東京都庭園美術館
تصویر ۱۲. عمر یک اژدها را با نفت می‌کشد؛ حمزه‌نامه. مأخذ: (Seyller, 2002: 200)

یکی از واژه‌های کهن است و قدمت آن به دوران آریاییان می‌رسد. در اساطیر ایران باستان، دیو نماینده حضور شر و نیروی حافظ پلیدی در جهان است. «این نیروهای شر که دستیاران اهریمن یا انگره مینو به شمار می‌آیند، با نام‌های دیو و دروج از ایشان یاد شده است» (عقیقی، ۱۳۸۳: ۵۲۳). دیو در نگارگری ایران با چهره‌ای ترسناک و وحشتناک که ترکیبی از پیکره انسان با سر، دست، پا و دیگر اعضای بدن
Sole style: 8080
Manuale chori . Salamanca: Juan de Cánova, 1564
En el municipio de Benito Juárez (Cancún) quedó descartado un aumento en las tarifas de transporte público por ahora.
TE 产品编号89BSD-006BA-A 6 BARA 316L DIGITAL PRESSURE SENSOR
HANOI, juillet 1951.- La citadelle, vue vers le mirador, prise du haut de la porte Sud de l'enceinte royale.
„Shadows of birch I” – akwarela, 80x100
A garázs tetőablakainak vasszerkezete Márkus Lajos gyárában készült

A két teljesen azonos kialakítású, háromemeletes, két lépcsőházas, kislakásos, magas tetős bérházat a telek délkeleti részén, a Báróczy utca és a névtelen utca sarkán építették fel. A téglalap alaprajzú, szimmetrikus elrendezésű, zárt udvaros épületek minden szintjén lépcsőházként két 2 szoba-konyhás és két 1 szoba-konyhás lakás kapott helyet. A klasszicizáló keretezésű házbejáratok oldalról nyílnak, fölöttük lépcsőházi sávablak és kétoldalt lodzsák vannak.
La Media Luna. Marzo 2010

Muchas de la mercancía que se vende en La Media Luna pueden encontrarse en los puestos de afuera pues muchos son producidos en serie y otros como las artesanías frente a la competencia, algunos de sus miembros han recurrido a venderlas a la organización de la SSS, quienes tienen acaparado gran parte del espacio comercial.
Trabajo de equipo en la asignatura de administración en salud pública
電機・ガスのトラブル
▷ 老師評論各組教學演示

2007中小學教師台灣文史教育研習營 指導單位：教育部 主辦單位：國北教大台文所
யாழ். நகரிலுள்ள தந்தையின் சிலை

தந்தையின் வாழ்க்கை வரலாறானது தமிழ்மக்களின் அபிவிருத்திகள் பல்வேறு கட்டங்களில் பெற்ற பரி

++++++++++

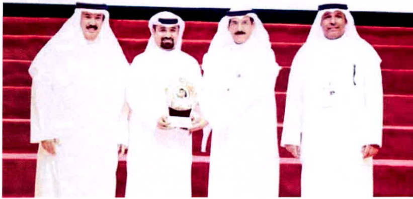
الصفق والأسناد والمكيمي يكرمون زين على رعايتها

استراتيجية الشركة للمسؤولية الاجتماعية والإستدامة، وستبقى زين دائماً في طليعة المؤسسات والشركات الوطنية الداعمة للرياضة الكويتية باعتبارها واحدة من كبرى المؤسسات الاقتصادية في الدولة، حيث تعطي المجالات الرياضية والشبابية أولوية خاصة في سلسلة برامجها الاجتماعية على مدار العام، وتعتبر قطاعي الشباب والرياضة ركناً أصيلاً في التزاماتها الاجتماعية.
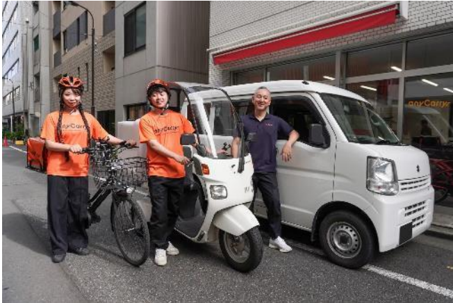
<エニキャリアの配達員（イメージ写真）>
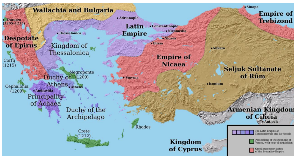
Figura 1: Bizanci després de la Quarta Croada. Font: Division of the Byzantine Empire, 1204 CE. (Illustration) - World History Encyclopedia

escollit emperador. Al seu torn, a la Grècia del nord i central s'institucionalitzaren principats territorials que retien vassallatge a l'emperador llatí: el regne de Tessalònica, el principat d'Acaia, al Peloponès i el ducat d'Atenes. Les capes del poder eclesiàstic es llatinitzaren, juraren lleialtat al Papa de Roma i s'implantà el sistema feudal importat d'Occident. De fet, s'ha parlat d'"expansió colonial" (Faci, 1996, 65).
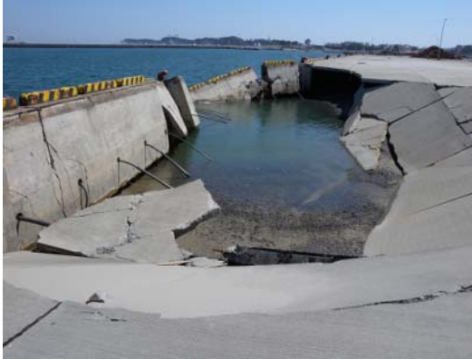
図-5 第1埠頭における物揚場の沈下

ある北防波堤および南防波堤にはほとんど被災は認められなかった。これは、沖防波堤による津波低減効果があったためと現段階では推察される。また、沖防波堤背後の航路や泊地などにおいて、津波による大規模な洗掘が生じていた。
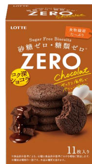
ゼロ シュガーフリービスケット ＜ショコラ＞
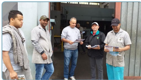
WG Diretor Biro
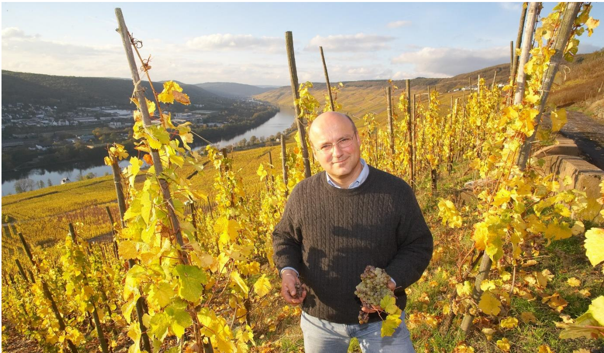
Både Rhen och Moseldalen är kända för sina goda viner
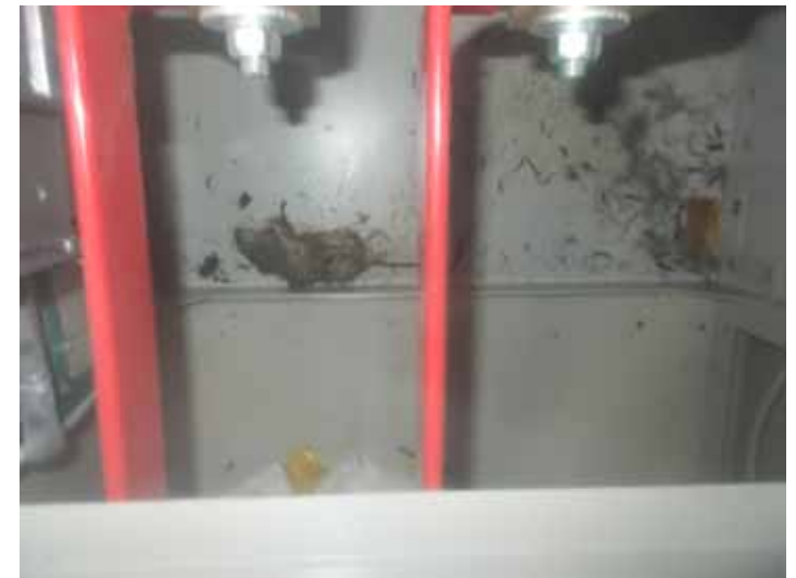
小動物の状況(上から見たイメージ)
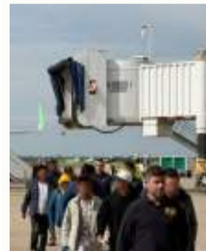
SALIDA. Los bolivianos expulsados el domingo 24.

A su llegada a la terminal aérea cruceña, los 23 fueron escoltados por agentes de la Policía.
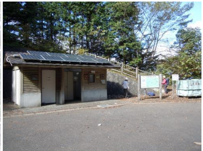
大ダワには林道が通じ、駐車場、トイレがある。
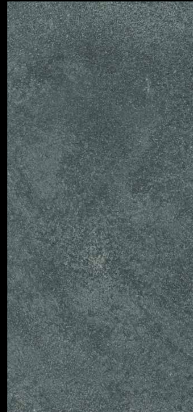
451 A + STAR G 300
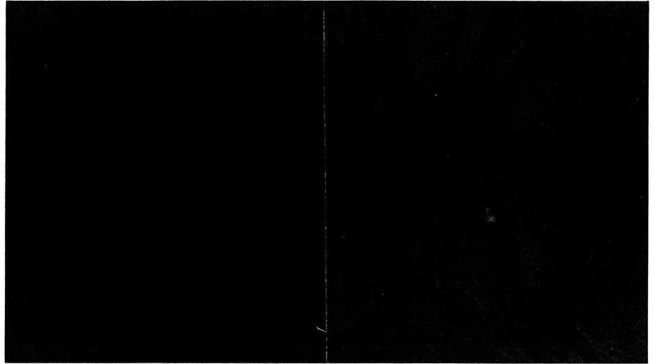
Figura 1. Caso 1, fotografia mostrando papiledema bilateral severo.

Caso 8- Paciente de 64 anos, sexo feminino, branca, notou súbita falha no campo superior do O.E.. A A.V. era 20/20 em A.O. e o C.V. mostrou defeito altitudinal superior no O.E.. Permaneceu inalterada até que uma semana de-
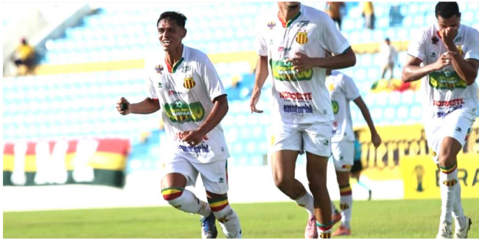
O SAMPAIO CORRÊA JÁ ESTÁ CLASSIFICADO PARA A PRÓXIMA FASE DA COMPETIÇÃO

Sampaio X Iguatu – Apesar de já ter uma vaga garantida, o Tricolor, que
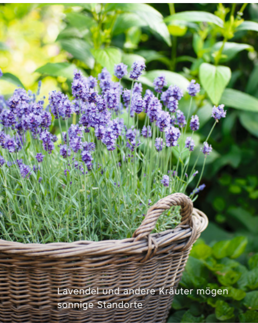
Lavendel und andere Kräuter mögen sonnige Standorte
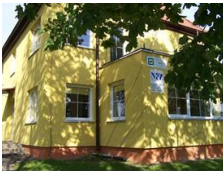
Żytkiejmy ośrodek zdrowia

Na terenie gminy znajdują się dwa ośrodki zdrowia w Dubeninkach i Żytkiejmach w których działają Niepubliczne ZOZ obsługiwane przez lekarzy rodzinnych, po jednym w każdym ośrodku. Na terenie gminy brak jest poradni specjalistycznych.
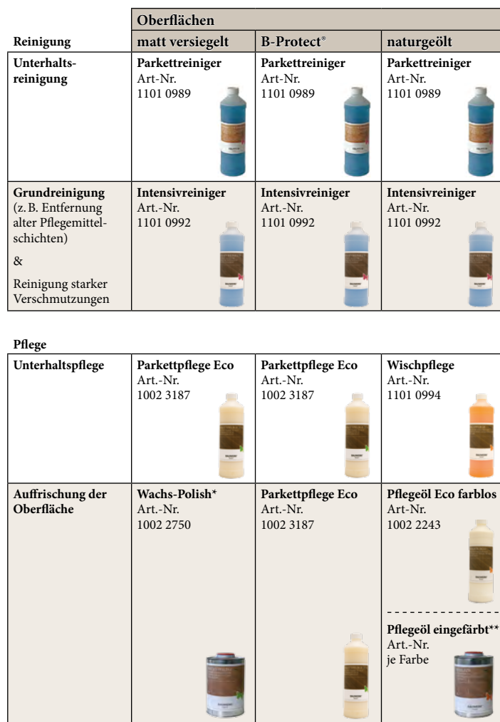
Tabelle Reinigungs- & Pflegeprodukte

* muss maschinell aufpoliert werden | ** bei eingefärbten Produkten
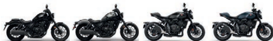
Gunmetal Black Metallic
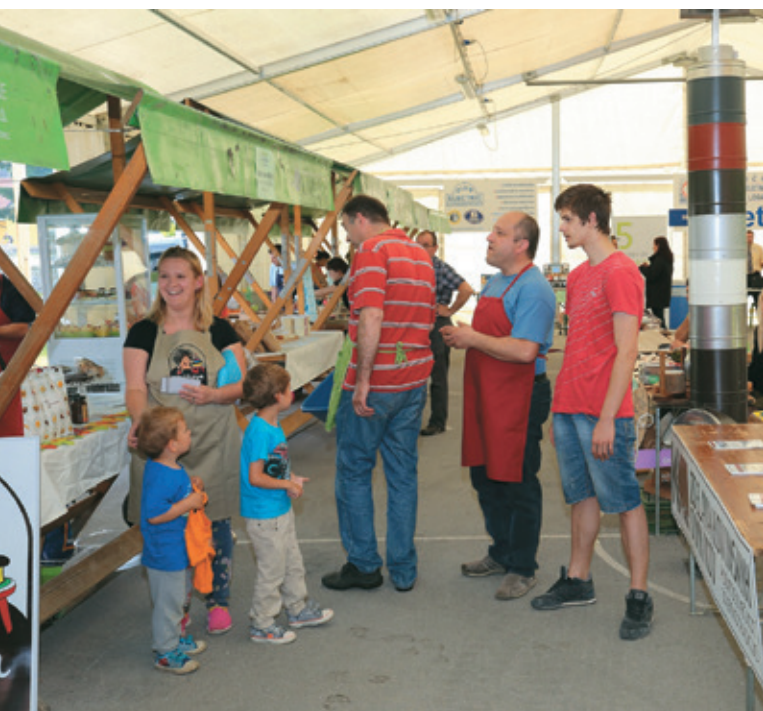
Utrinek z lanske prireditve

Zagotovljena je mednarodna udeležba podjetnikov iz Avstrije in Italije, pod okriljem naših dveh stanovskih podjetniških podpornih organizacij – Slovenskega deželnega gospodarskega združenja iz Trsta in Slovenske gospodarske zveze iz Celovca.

++++++++++

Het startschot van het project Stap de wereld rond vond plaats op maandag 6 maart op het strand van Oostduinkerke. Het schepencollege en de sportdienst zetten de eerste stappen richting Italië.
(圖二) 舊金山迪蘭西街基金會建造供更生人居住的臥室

++++++++++

_YOUR TASK_
Find the lines above with the word "Luna". Copy them out.

_OUTPUT BELOW_
La Media Luna. Marzo 2010
Muchas de la mercancía que se vende en La Media Luna pueden encontrarse en los puestos de afuera pues muchos son producidos en serie y otros como las artesanías frente a la competencia, algunos de sus miembros han recurrido a venderlas a la organización de la SSS, quienes tienen acaparado gran parte del espacio comercial.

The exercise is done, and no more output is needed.